第10話 風呂場での千桜先輩との駆け引き

初めて見る先輩の弱気な顔に、俺は強い嗜虐心を感じた。

 散々からかわれて、部屋や風呂場にまで押しかけられたのだ。少しは仕返ししても許されるだろう。


 けれど、次にどうすればよいかわからない。キスしたりする勇気なんて、とてもない。

 ただ、バスタオル一枚の半裸の先輩女子の肩をつかんでいる。これだけでも俺には刺激が強すぎる。


 先輩の顔に余裕が戻ってきた。


「何もできないんだ? 意気地なし」


「俺が本当になにかしたらどうするんですか?」


「別にいいって言ってるでしょ? ほら、おっぱいとか触ってみる? できないと思うけど」


 千桜先輩はバスタオルをぎりぎりの位置までずらす。

 白くて柔らかそうな胸の上半分が露出する。


 目に毒だ。

 俺は目をそらす。


「先輩……俺はここで先輩を無理やり襲っても、何も問題はないんですよ。たとえ先輩が嫌がっても、羽城の権力が握り潰してくれます」


 それは事実だった。羽城の次期当主の俺は、多少の犯罪行為すら隠蔽できる。この国は、昔と違って腐敗していて、名家の人間の乱暴狼藉を止められない。


 もちろん、したことはないけれど。

 千桜先輩はくすりと笑う。


「鬼畜なフリをして、結局、何もしないんでしょう?」


「できないと思いますか?」


「ええ。あなたはわたしに何もできないわ」


 俺は深呼吸して覚悟を決めた。そっと千桜先輩の左胸に右手を重ねた。もちろんバスタオルの上から。


「あっ……」


 先輩が小さな声を漏らし、そして、顔を赤くする。

 もしかすると、攻められるのには弱いのかもしれない。


 俺は力をこめて、先輩の胸を揉みしだく.


「ひゃうっ! い、痛いから……もっと優しく」


「あ、すみません……」


 俺はつい謝りそれから我に帰る。

 千桜先輩は可愛いものを見るように俺を眺めていた。


「女の子の胸は敏感だから、力任せにしたらダメ」


「……先輩って、こういうことに慣れているんですか?」


 男性経験豊富……いわゆるビッチなのかもと思ったけれど、ときどき、うぶな反応が交じるので気になっていた。

 千桜先輩は笑った。


「気になる?」


「気になりますね」


「教えてあげない。知りたいなら、わたしから無理やり聞き出してみせて」


「……遠慮しませんよ?」


 俺は覚悟を決めた。

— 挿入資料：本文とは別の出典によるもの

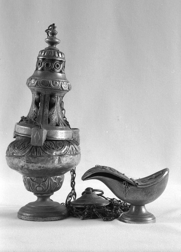 Encensoir en laiton, assemblages par coulissage sur trois chaînes ; navette en bronze.
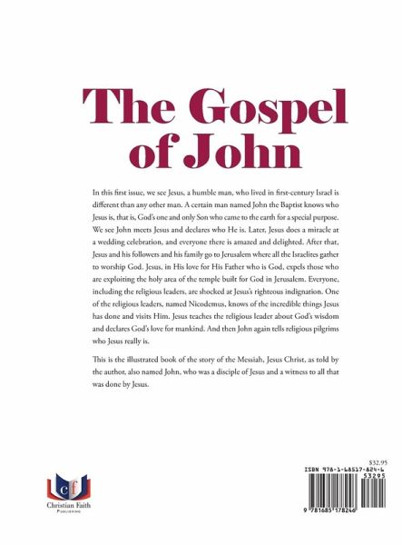 In this first issue, we see Jesus, a humble man, who lived in first-century Israel is different than any other man. A certain man named John the Baptist knows who Jesus is, that is, God's one and only Son who came to the earth for a special purpose. We see John meets Jesus and declares who He is. Later, Jesus does a miracle at a wedding celebration, and everyone there is amazed and delighted. After that, Jesus and his followers and his family go to Jerusalem where all the Israelites gather to worship God. Jesus, in His love for His Father who is God, expels those who are exploiting the holy area of the temple built for God in Jerusalem. Everyone, including the religious leaders, are shocked at Jesus's righteous indignation. One of the religious leaders, named Nicodemus, knows of the incredible things Jesus has done and visits Him. Jesus teaches the religious leader about God's wisdom and declares God's love for mankind. And then John again tells religious pilgrims who Jesus really is. This is the illustrated book of the story of the Messiah, Jesus Christ, as told by the author, also named John, who was a disciple of Jesus and a witness to all that was done by Jesus.
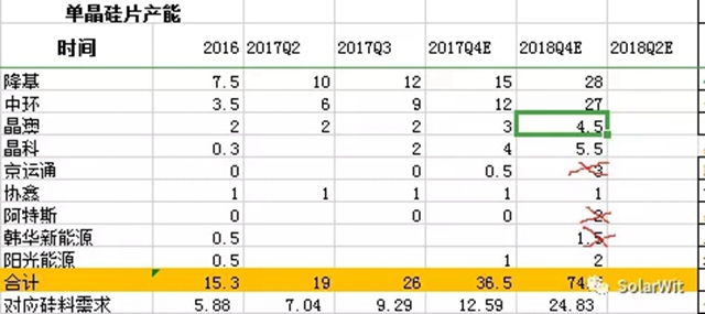 上面這張截圖是2017年年底總結(jié)的,現(xiàn)在回顧他發(fā)現(xiàn)基本不用修改,因?yàn)闆]有新增的進(jìn)入者,反倒是有幾家公司并沒有如期達(dá)產(chǎn);京運(yùn)通原本計(jì)劃中的3GW產(chǎn)能現(xiàn)在也沒有蹤影;阿特斯之前拋出了雄心勃勃的計(jì)劃,但實(shí)際上目前只有24臺(tái)單晶爐做中試線;韓華新能源也同樣,并沒有有效產(chǎn)能出來,依然需要通過外部采購(gòu)。當(dāng)前市場(chǎng)中有效的單晶硅片產(chǎn)能實(shí)際上只有四家但是由于晶科、晶澳只自用不外供,所以對(duì)于市場(chǎng)上第三方公開對(duì)外銷售的產(chǎn)能,有效供給只有兩家:隆基和中環(huán),在硅片環(huán)節(jié),迅速地形成了雙寡頭壟斷的產(chǎn)業(yè)格局。這是供給端,我們?cè)倏纯磫尉Ч杵男枨蠖耍?/div>
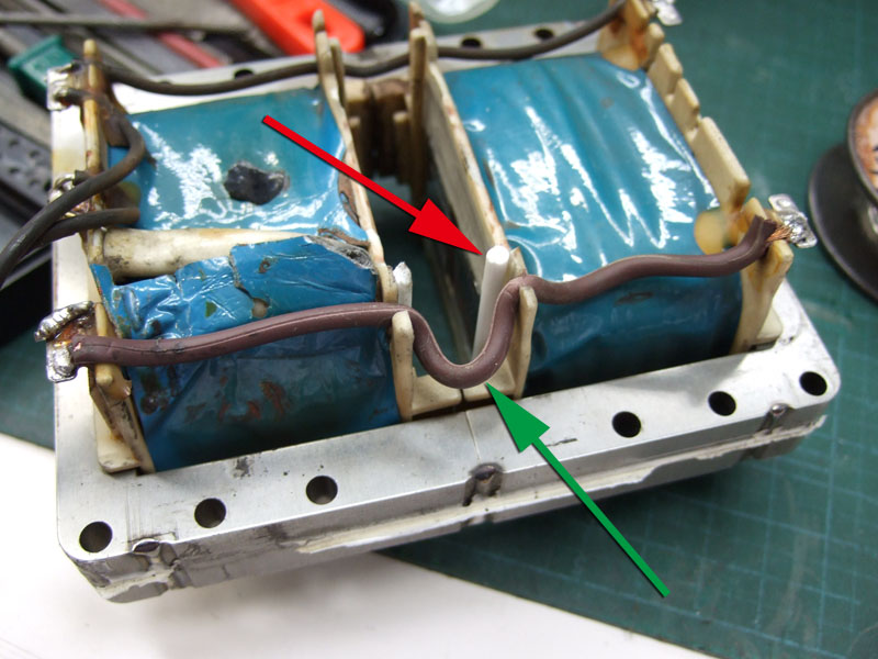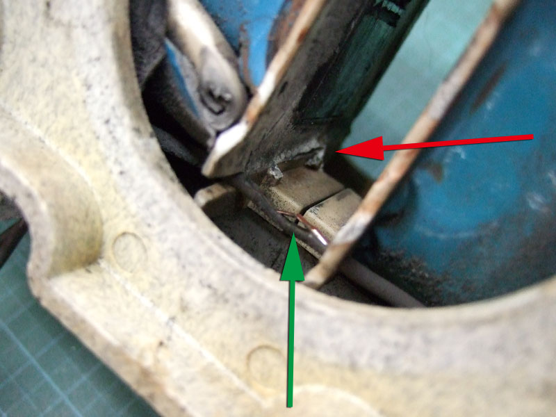 そのせいでしょうけど、緑矢印のケーブルが擦り切れてしまってます。

ちょっと脅しをかければ、先輩は答えるのではないか。

 それで仕返しはおしまいにしよう。


 先輩のバスタオルの胸元に、俺は手をかけ、それを引き剥がそうとする。

 千桜先輩は慌てた様子だった。


「ちょ、ちょっと……待って! 見えちゃう!」


「先輩が挑発したんでしょう?」


「そ、そうだけど……」


「どうせいろんな男に裸を見せているくせに」


「お父さんにだって見せたことはないわ!」


 千桜先輩が真っ赤な顔で叫ぶ。そして、「あっ」とした表情をした。

 つまり、千桜先輩は処女だということだ。


 ううっ、と千桜先輩は涙目で俺を睨む。


「はめたわね」


「自業自得ですよ。それにしても、それなら、なんで俺相手にこんなことをするんですか?」


「弟と仲良くなりたいから。それではダメ?」


「これは……普通の姉弟の仲良しとは違いますね」


「わたしたち、普通の姉弟じゃないもの」


「まあ、それはそうですが」


 千桜先輩は何か隠している。何の目的で、彼女はこの家に潜り込み、俺に近づくのか。

 小首をかしげて、千桜先輩は微笑んだ。


「じゃあ、昔話をしましょうか。実はね……わたしは君と昔、会ったことがあるの」


 千桜先輩は綺麗な声で、そう告げた。